- **Exercise directions**: The line holding "- Dans la fenêtre" is the last one to output; start at the first line of the data, keep every line in between exactly, and leave out pictures.
Data records Start Marker
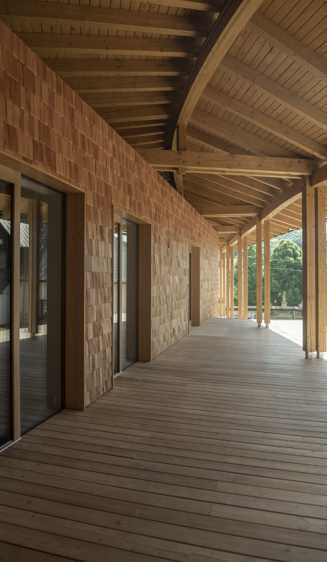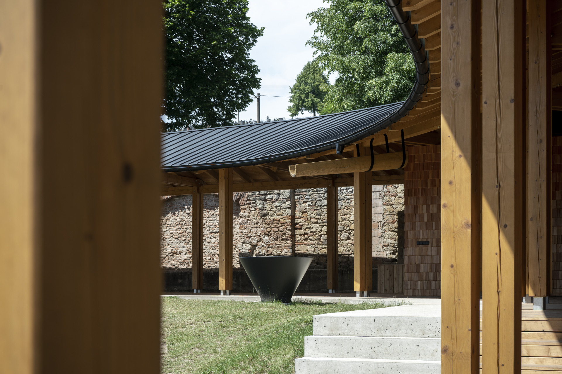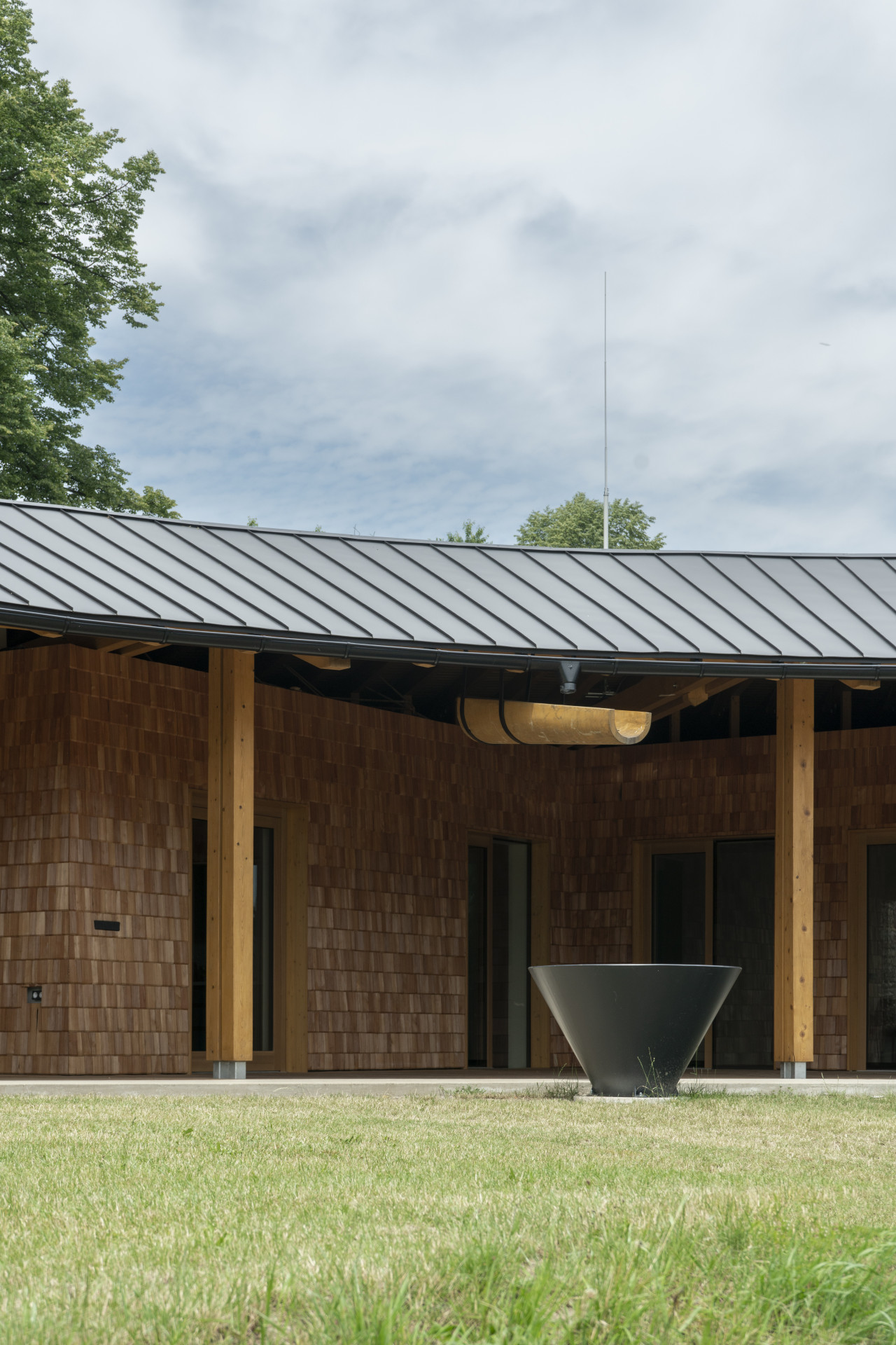 „Venkovní část tvoří sloupková vaznicová konstrukce z jedle a smrku, terasa je modřínová. Zakřivené vazníky jsou z jedlových lepených prvků. Obklad je štípaný šindel z českého modřínu na dřevěném roštu. Konstrukce sálu je z keramického střepu,“ popisují architekti konstrukční a materiálové řešení stavby.
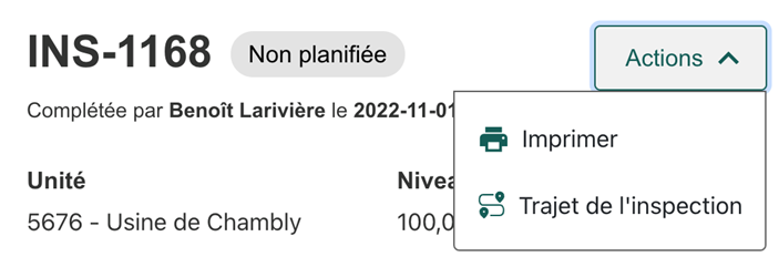 - Dans la fenêtre détaillée de l’inspection, il faut cliquer sur le bouton Actions et sélectionner l’option Trajet d’inspection
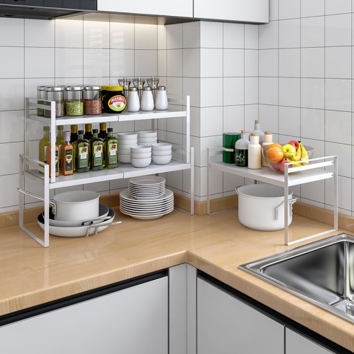 Regulowana półka do przechowywania, metalowa półka kuchenna, półka do przechowywania w kuchence mikrofalowej 20x24cm, Regulacja wysokości 34-54cm,Biały
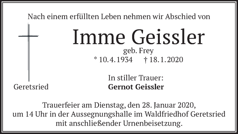 Hier finden Sie alle Traueranzeigen aus der Zeitung, die bisher für Imme Geissler erschienen sind. Weitere Traueranzeigen, die in der Zeitung erscheinen, werden hier ebenfalls aufgelistet
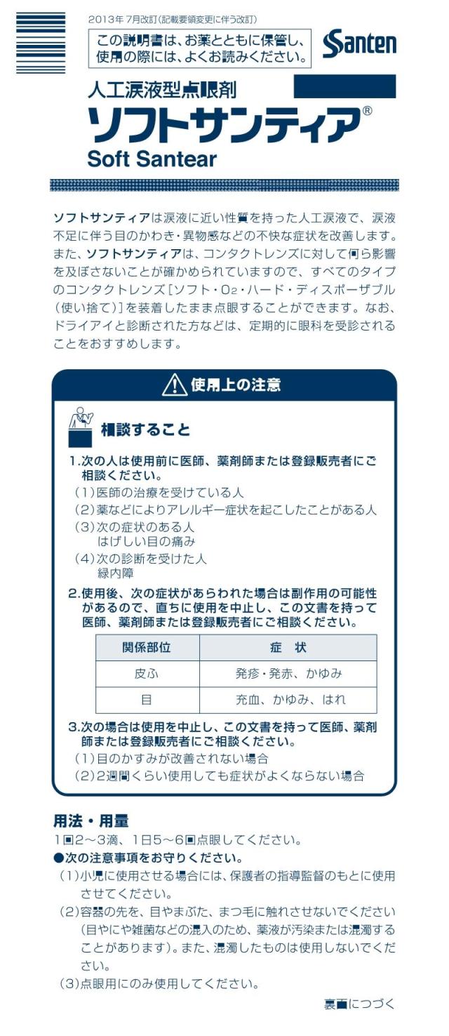 「ソフトサンティア」は、涙液に近い性質を持った人工涙液で、涙液不足に伴う目のかわき・異物感などの不快な症状を改善します。また、ソフトサンティアは、コンタクトレンズに対して何ら影響を及ぼさないことが確かめられていますので、すべてのタイプのコンタクトレンズ[ソフト・O2・ハード・ディスポーザブル(使い捨て)]を装着したまま点眼することができ、コンタクトレンズ装用時の不快感、目の疲れ、目のかすみ、目のかわきなどの諸症状を改善します。
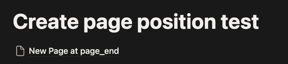 curl 'https://api.notion.com/v1/pages' \ -H 'Authorization: Bearer '"$NOTION_API_KEY"'' \ -H "Content-Type: application/json" \ -H "Notion-Version: 2025-09-03" \ --data '{ "parent": { "type": "page_id", "page_id": "2f0d8e4e98ab8065b3a2ec9fd4b3e57a" }, "properties": { "title": { "type": "title", "title": [ { "type": "text", "text": { "content": "New Page at page_end", "link": null }, "plain_text": "New Page at page_end", "href": null } ] } }, "position": { "type": "page_end" } }'
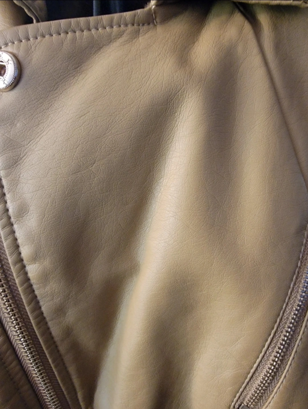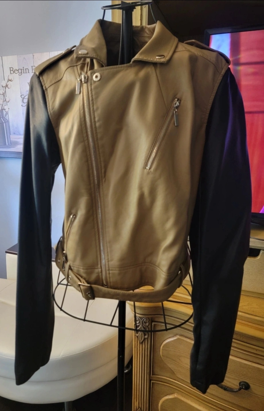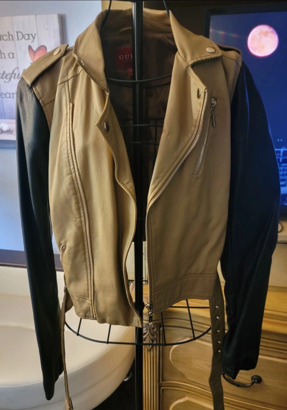Stylish Guess moto jacket featuring a unique beige and black colour combination. This jacket is perfect for adding an edgy touch to any outfit. It has a comfortable fit and is in great condition!
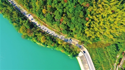 11月3日,无人机镜头下的咸赵线大泉口段秋色如画,美不胜收。据了解,近年来,我市以推动“四好农村路”建设为契机,将农村公路建设与发展乡村旅游、美丽乡村相结合,建设了一批产业致富路、生态旅游路,营造出“人在车中坐、车在画中游”的公路出行体验。
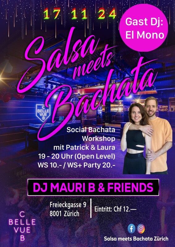 „Salsa meets Bachata“ Es wird heiss wenn diese zwei Rhythmen aufeinander treffen. Ein Abend vollgepackt mit dem besten, angesagtesten Sound dieser zwei Stile - da kann niemand mehr ruhig sitzen bleiben. Salsa und Bachata - all styles Gast: Dj El Mono Bachata Workshop mit Patrick & Laura Start: 19 Uhr CHF 10.-- Party Start: 20 Uhr CHF 12.-- Workshop und Party: CHF 20.- Dj Mauri & friends fb & insta: Salsa meets Bachata Zürich https://www.facebook.com/profile.php?id=100057608822669
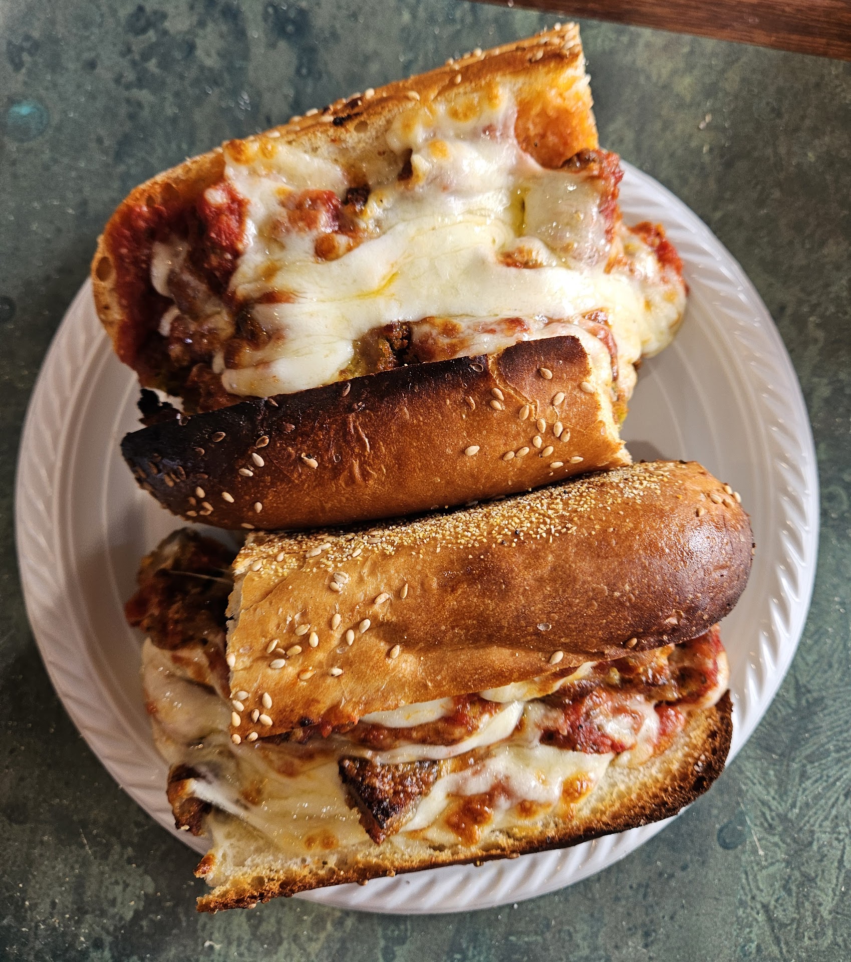 Stopped in for lunch, as we were driving by. Appeared clean, but in need of an update. Around 2:30 on a Monday, it was fairly busy. Friendly counter staff. Decent amount of pizza options at the counter. My husband got a regular slice and a veal parmagiana hero. He enjoyed the slice with a nice crunch to the crust and not at all greasy. He also liked the Veal parmagiana hero, perfectly well done as he enjoys it. As I tasted the Veal, it was chopped into little bites, a generous portion, and flavorful. I had the deep dish regular slice. Again, it was not greasy at all, and the cheese pull was incredible. I bit into a nice, soft layer, and then the crispy crunch of the crust. I also tried a mozzarella stuffed garlic knot. Again, great cheese pull. The garlic was powder dusted on top and was a little burnt tasting, but still a solid knot. Overall, it was a...
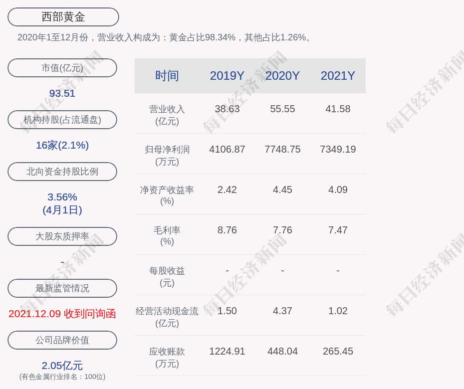 每经AI快讯,西部黄金(SH 601069,收盘价:14.55元)4月6日晚间发布年度业绩报告称,2021年营业收入约41.58亿元,同比减少25.15%;归属于上市公司股东的净利润约7349万元,同比减少5.16%;基本每股收益0.1156元,同比减少5.09%。每10股派发现金红利0.35元(含税)合计分配金额约2249万元、不送红股、不转增。
Data records End Marker
- **Written response**:
 „Venkovní část tvoří sloupková vaznicová konstrukce z jedle a smrku, terasa je modřínová. Zakřivené vazníky jsou z jedlových lepených prvků. Obklad je štípaný šindel z českého modřínu na dřevěném roštu. Konstrukce sálu je z keramického střepu,“ popisují architekti konstrukční a materiálové řešení stavby.
 - Dans la fenêtre détaillée de l’inspection, il faut cliquer sur le bouton Actions et sélectionner l’option Trajet d’inspection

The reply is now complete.